Um fato interessante observado nas últimas décadas é que a taxa de natalidade tem caído vertiginosamente em vários países, especialmente nos mais desenvolvidos. Isso, possivelmente, vai se tornar um problema econômico no futuro que pesará nas receitas dos governos e causar impactos na previdência social. Mas talvez o maior problema da menor taxa de natalidade seja social, isso porque os seres humanos possuem uma necessidade quase instintiva de cuidar, de dar carinho e de proteger. Essa necessidade materna/paterna de cuidar vem desde os primórdios, porque os bebês humanos levam vários anos até conseguirem se tornar minimamente independentes dos pais. Então a seleção natural se encarregou de recompensar com bem-estar hormonal e psicológico aqueles que cuidavam de suas crias a ponto do cuidado com pessoas próximas se tornar uma das necessidades da Pirâmide de Maslow. Mas a pergunta que fica é: como as pessoas poderão ter esse bem-estar do cuidado com os filhos se elas estão optando por não terem mais filhos? É exatamente isso que explica o sucesso quase repentino dos bebês hiper realistas mais conhecidos como reborns entre adultos, principalmente entre as mulheres.
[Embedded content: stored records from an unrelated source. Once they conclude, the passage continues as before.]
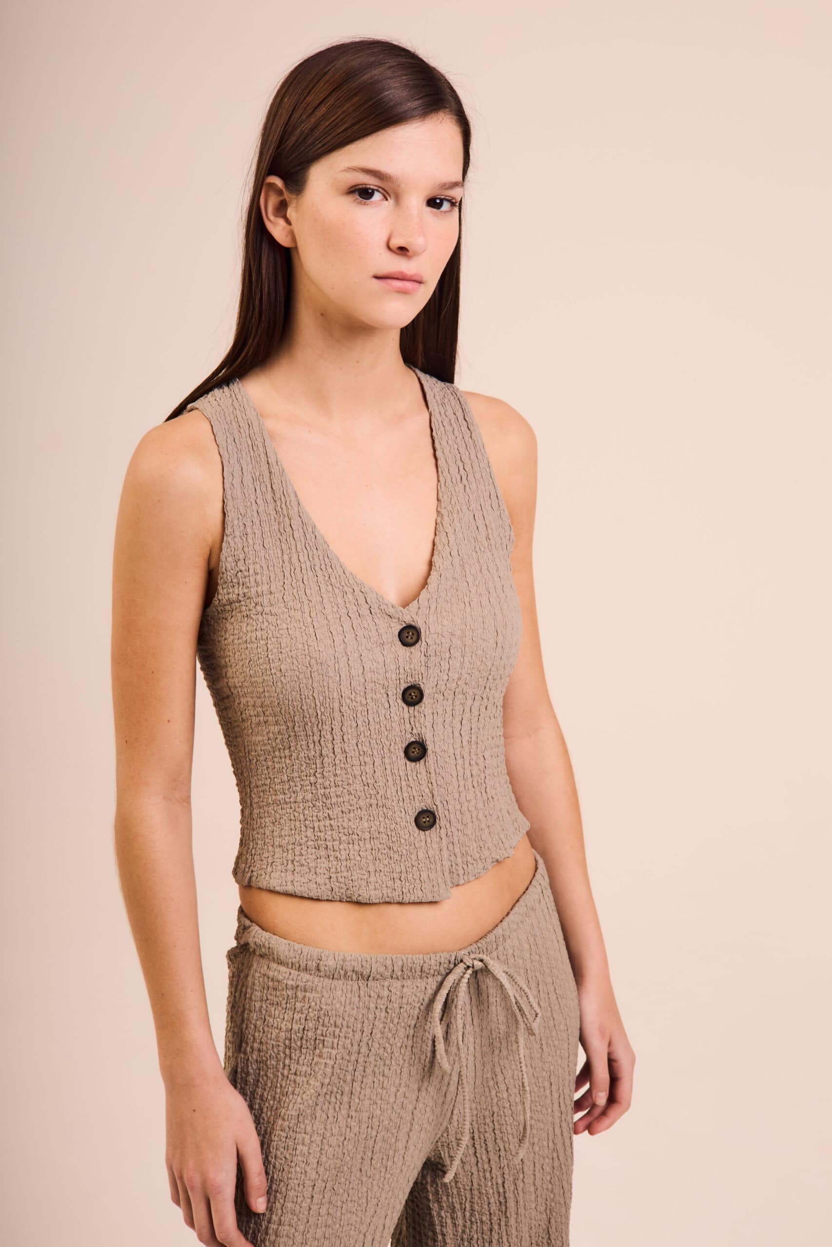 $ 16.000,00Chaleco con escote en V confeccionado en bambula de punto.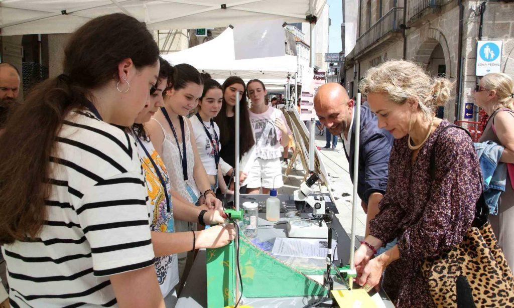 Nesta primeira xornada teñen moita importancia os centros educativos da vila. Cada un deles, conta cun stand na rúa onde defenderán os seus proxectos ante a veciñanza e ante o xurado científico, formado pola madriña, Verónica Salgueiriño, a farmacéutica, Celia Diz, e o enxeñeiro industrial da CTAG, Julio Sánchez. Eles, co voto ponderado do público, elexirán esta tarde cal é o proxecto gañador.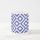 This bold blue and white geometric pattern is an original ornamental design. White meanders angle around dark blue diamonds containing white diamonds. Vibrant blue zigzags provide subtle separation between the winding paths.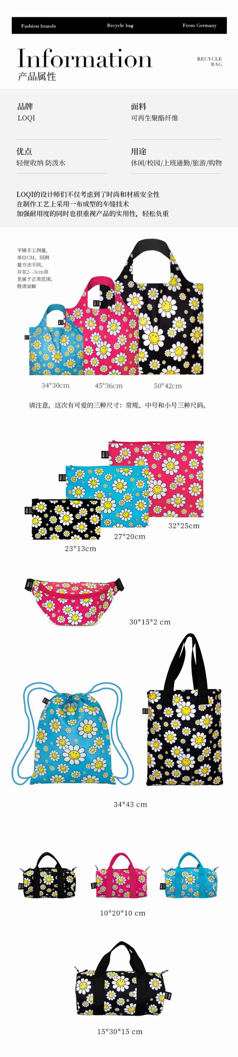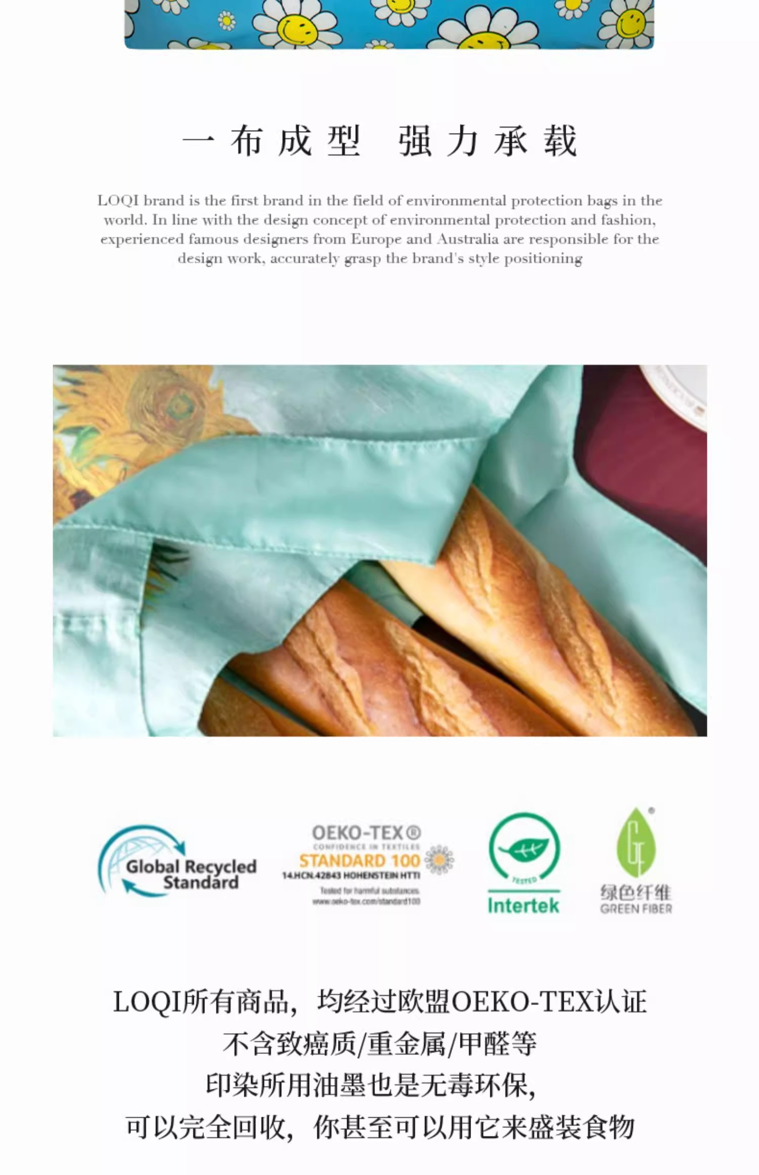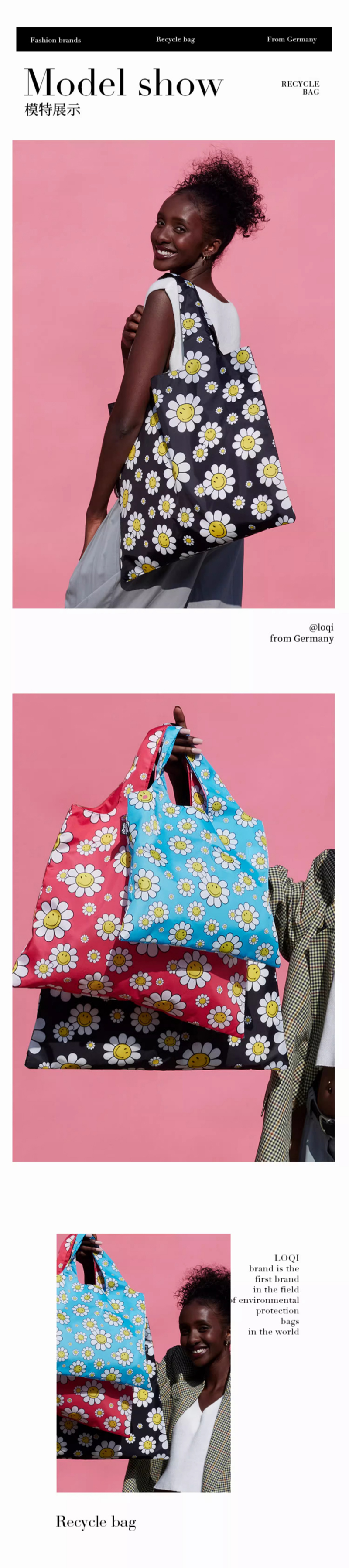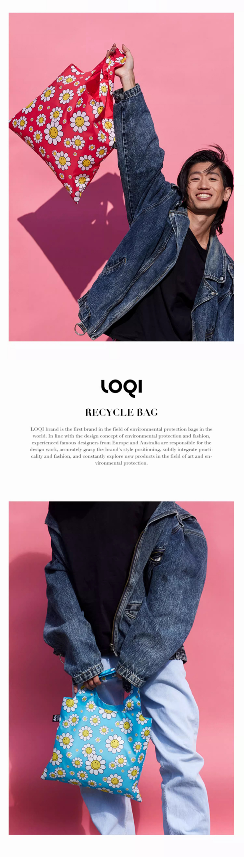 LOQI x Smiley花朵笑脸联名 时尚艺术环保万用袋 折叠大容量单肩手提购物袋承重40斤防泼水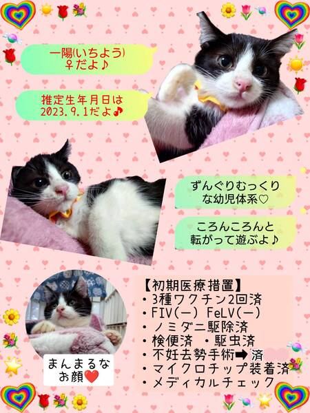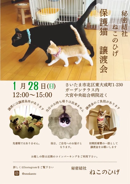 | イベント内容 | 【秘密結社ねこのひげ♡保護猫譲渡会】 1/28(日) 12:00~15:00 さいたま市北区東大成町1-230 金子建材内 ガーデンテラスにて 保護猫譲渡会を開催します☆ 昨年夏~秋生まれの仔猫幼猫祭継続中! まだまだ子猫だにゃー!なヤング猫や 小童には負けへんでー!なオトナ猫も♪ 合計10数頭が参加予定です♪ 未来のご家族さまと 愛し愛されな 両想いになれますように♡ 家族にするなら保護猫だべ♪♪ こんなご時世だけど 新しい家族と笑顔で暮らしたい♪ という方は是非会いにいらしてください♡ ご不明な点がございましたら インスタグラム @秘密結社ねこのひげ の DMまでお問い合わせ下さい☆ |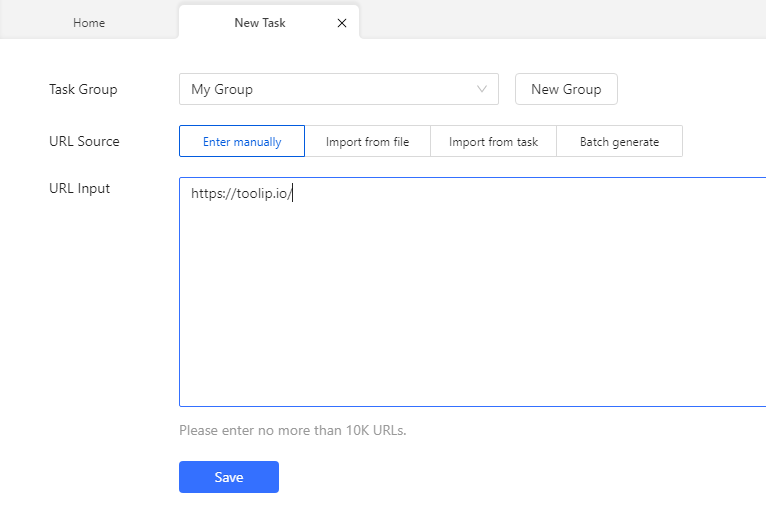 1. In the URL Input field, paste the website link you want to scrape.2. Click Save to load the webpage inside Octoparse.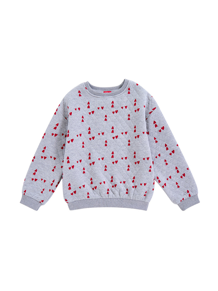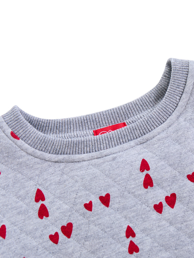 1 Pc. All Over Heart Printed Sweat Top - Grey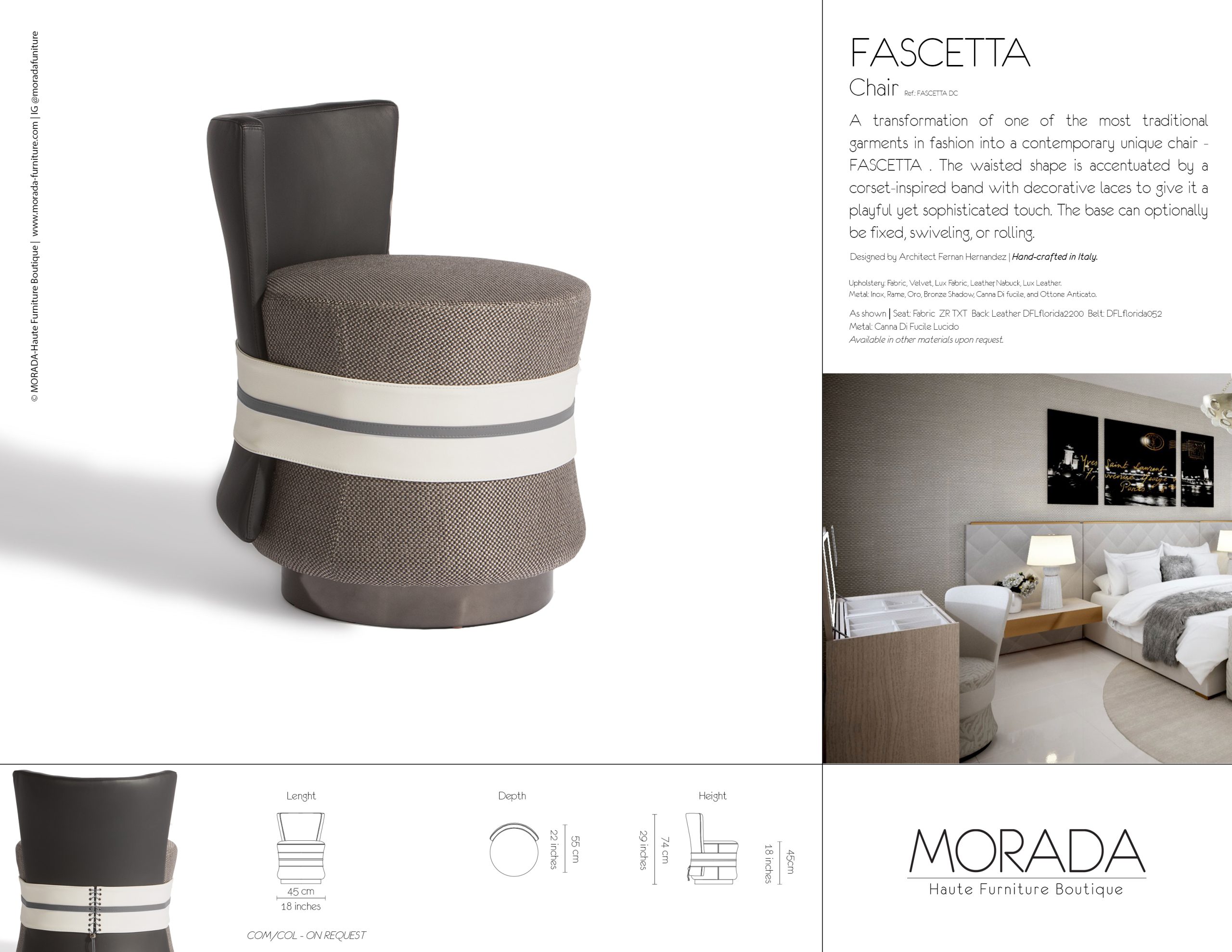 A transformation of one of the most traditional garments in fashion into a contemporary unique chair: FASCETTA. The waisted shape is accentuated by a corset-inspired band with decorative laces to give it a playful yet sophisticated touch. The base can optionally be fixed, swiveling, or rolling.

As bonecas reborn, por serem muito parecidas com bebês de verdade, acabam causando apego em muitas pessoas pelo simples apelo visual e afetivo. Semelhante às bonecas sexuais hiper realistas vendidas para homens em sex shops, esses bebês possuem articulações e pele que simulam o corpo humano de maneira bastante convincente. Como muitas mulheres não querem ou não podem ser mães, então esses bonecos servem para preencher a lacuna da necessidade de proteção e cuidado materno que elas precisam. Apesar de todas as críticas que são feitas às mulheres que adquirem esses rebons, não há nada de errado em ter e cuidar de um bebê de mentira, especialmente as mulheres que tiveram gravidez psicológica ou perderam seus bebês prematuramente. O problema é quando a pessoa perde a noção da realidade e começa a achar que o reborn é um bebê de verdade, exigindo que os outros o tratem como se fosse um ser humano real. Hospital e creche de reborn é algo que já me parece passar dos limites de uma brincadeira saudável de simulação de mãe filho para virar um comportamento quase patológico. Mas fora isso, ter um reborn é tão normal quanto ter uma sex doll ou fazer uma coleção de brinquedos. O bom desses bonecos é que as mães deles podem brincar de ser mãe quando quiserem, já que não é filho de verdade para exigir atenção 24 horas por dia e cuidados reais. O reborn vira uma espécie de tamagotchi que você pode interagir na hora que quiser para seu passatempo. 


Acredito que num futuro próximo, quando androides e ginoides controlados por IAs se tornem mais comuns, será natural formar família com robôs e bonecos hiper realistas. É preciso levar em consideração que nem todo mundo tem condições físicas ou emocionais para ter um parceiro amoroso ou filho de verdade. É melhor que pessoas inaptas para o convívio social tenham seus próprios bonecos do que causar traumas a humanos de verdade em relacionamentos tóxicos.